Raiche (1974) introduces the IE method for 3D CSEM problems, which is still in use and improved (Zhdanov et al., 2006; Kruglyakov et al., 2016). Although the implementation effort is nonnegligible, this method can be preferred over FD or FE methods (FEM) for modeling the scattering of a limited number of simple anomalies in a 1D layered background model. In this case, the size of the linear systems of equations to be solved is comparatively small (Avdeev, 2005).
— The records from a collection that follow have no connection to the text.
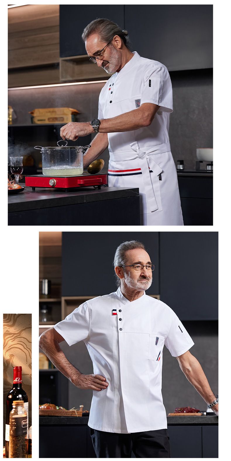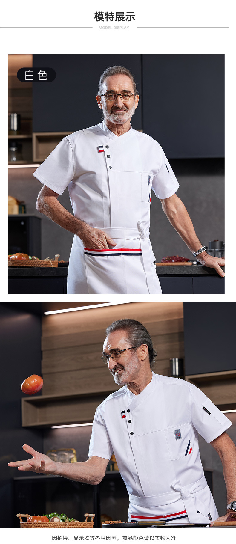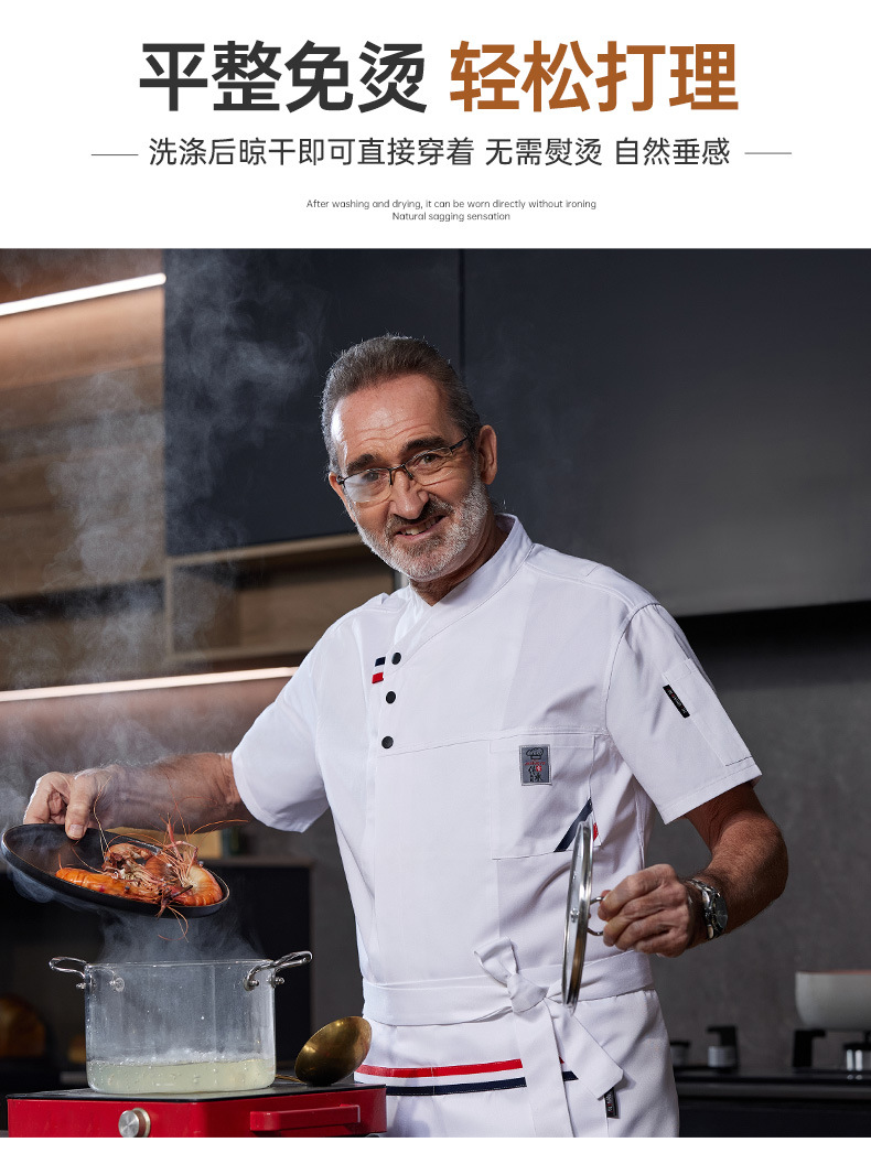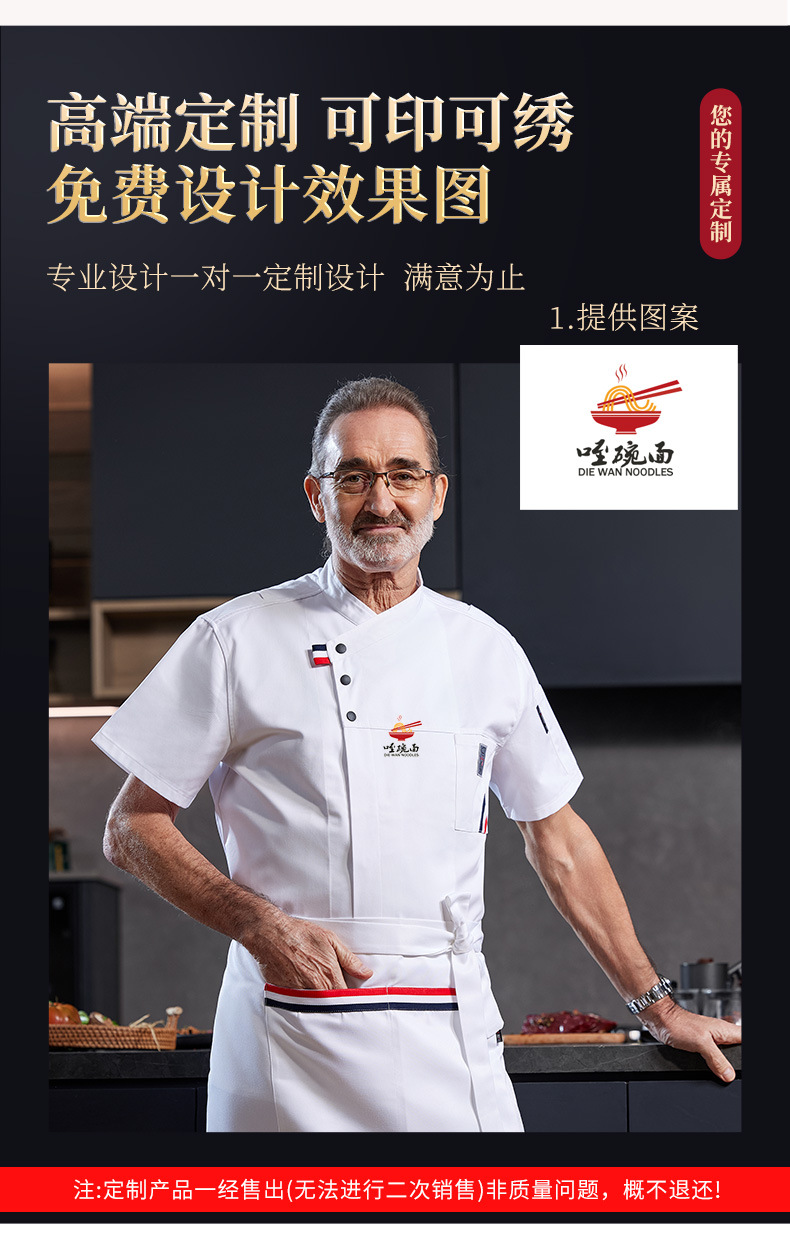 셰프의 작업복 반팔 여름 얇은 유행 하이 엔드 맞춤형 서양식 호텔 셰프 의류 남성용 주방 케이터링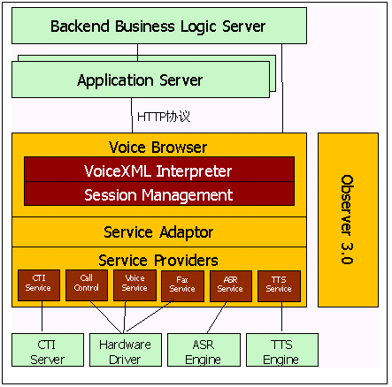 聲軟技術(shù)的VoiceServer是集VoiceXML解析環(huán)境、VoiceXML解析器和執(zhí)行平臺(tái)為一體的通用語音平臺(tái),在這基礎(chǔ)上增加了CTI中間件和TAPI/WAV等方面的技術(shù)支持,使它不僅能作為一個(gè)獨(dú)立的語音應(yīng)答系統(tǒng)使用,而且可以作為呼叫中心理想的IVR服務(wù)器,并且可以作為外撥服務(wù)器、傳真服務(wù)器、語音門戶網(wǎng)站系統(tǒng)使用,是一個(gè)具用國際先進(jìn)水平的綜合性語音平臺(tái);所有的可選功能模塊通過獨(dú)有的Plug-in技術(shù)可實(shí)現(xiàn)功能模塊動(dòng)態(tài)卸載,使客戶可以挑選自己需要的功能模塊,在將來需要的時(shí)候在配置相應(yīng)的功能模塊,使客戶成本大大降低,同可以保證將來系統(tǒng)平滑升級(jí),使用擁有更多的選擇。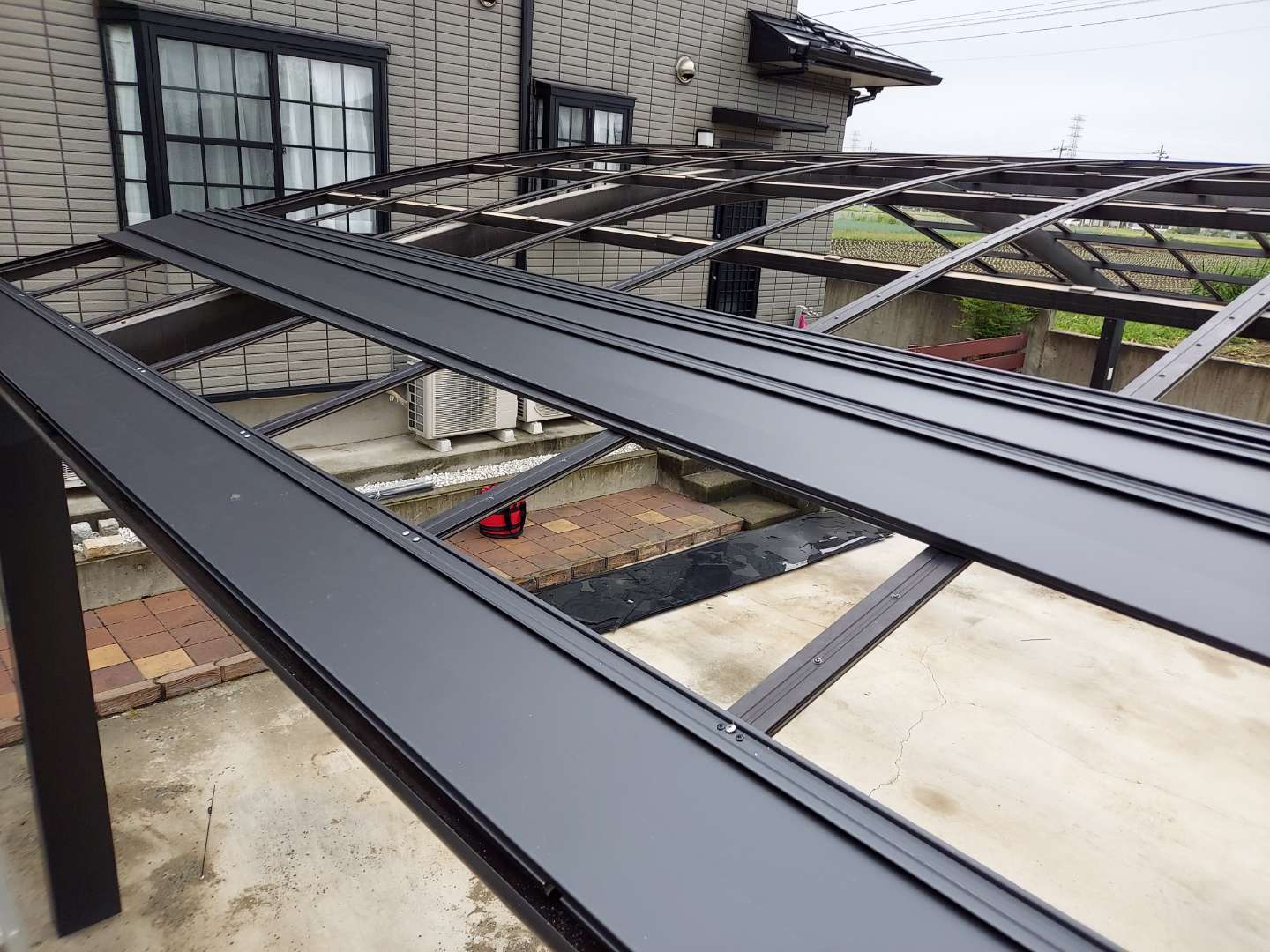 降雹被害による、カーポート屋根の改修工事を行わせていただきました。
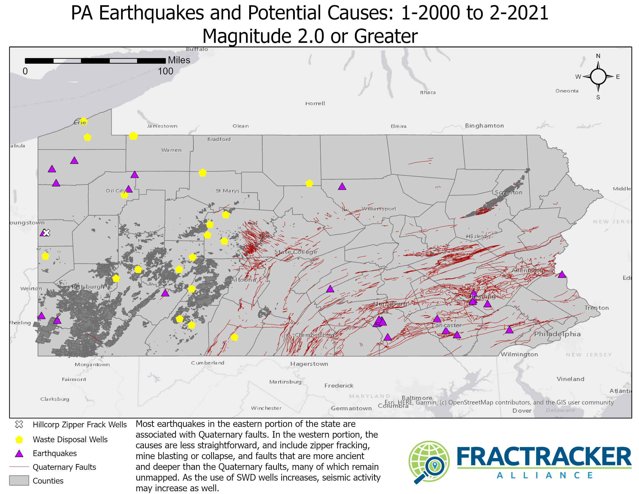 Figure 3. PA Earthquakes and Potential Causes: 1/2000 – 2/2021, Magnitude 2.0 or Greater. Most earthquakes in the eastern portion of the state are associated with Quaternary faults. In the western portion, the causes are less straightforward, and include zipper fracking, mine blasting or collapse, and faults that are more ancient and deeper than the Quaternary faults, many of which remain unmapped. As the use of SWD wells increases, seismic activity may increase as well.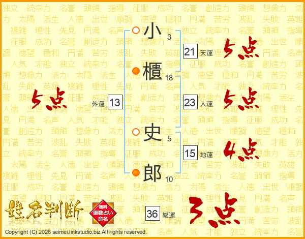 小櫃史郎さんの天運は21画の5点!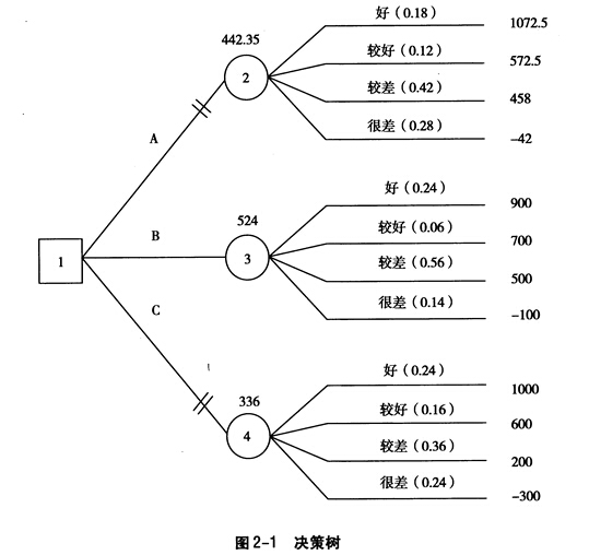 決策樹的繪制是自左向右(決策點和機會點的編號左小右大,上小下大),而計算則是自右向左。各機會點的期望值計算結果應標在該機會點上方,最后將決策方案以外的方案枝用兩短線排除。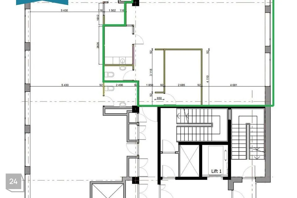 Hoone kaheksandal korrusel asuv büroopind koosneb järgmistest osadest: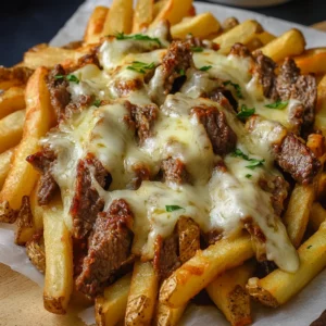 Description of this recipe:A decadent twist on classic fries, loaded with tender steak, sautéed veggies, and gooey melted cheese — …

In contrast, the FD method is most straightforward to implement, but the computational costs can become high for regular meshes with staggered grids. Within the past few decades, it was often applied in EM geophysics. Adhidjaja and Hohmann (1989) and Wang and Hohmann (1993) present the first time-domain applications. Commer and Newman (2004) and Streich (2009) report more recent usage in the frequency domain. The recent application of multiresolution techniques by Cherevatova et al. (2018) or using octree meshes, such as, for instance, used with FV by Haber and Heldmann (2007), overcomes discretization issues for structurally complex model areas without a tremendous increase in the number of degrees of freedom (dof).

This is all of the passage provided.